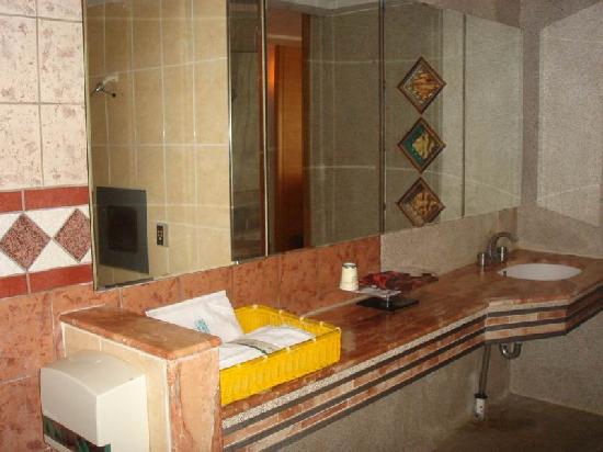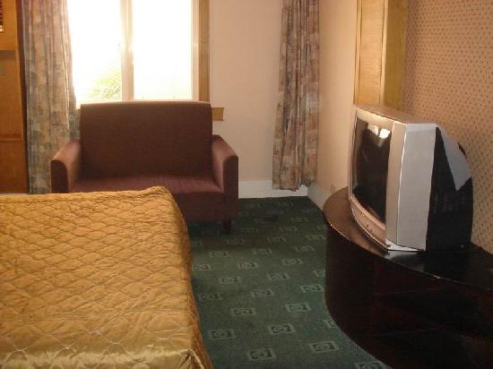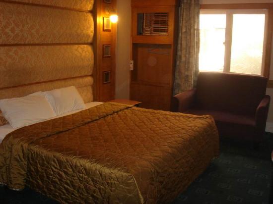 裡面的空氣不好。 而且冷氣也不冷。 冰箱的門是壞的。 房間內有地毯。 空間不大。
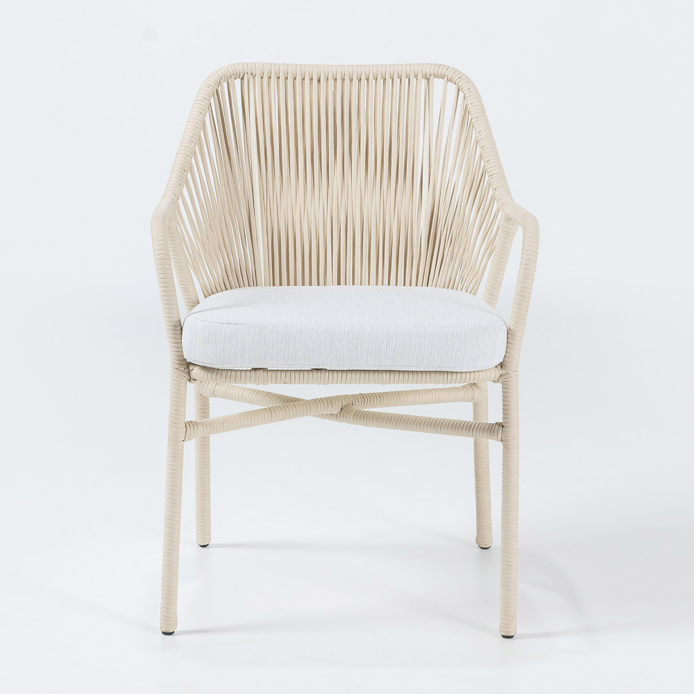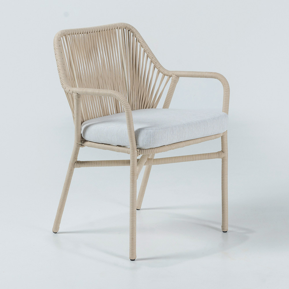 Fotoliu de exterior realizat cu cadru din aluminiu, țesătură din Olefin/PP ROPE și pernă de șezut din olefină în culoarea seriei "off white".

==

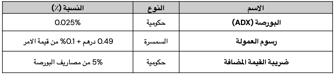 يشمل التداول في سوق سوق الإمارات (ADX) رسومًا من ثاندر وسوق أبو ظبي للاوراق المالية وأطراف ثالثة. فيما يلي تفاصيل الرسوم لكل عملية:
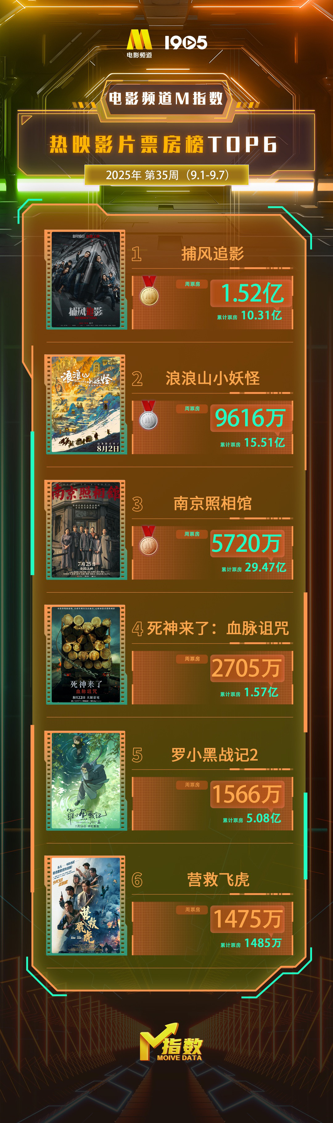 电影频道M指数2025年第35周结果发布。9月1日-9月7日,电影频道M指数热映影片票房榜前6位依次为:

What you will do
Using the listing above, reproduce word for word every line from the one containing "يشمل التداول في" through the one containing "电影频道M指数2025年第3". Pictures must be left out.

Solution below
 يشمل التداول في سوق سوق الإمارات (ADX) رسومًا من ثاندر وسوق أبو ظبي للاوراق المالية وأطراف ثالثة. فيما يلي تفاصيل الرسوم لكل عملية:
 电影频道M指数2025年第35周结果发布。9月1日-9月7日,电影频道M指数热映影片票房榜前6位依次为:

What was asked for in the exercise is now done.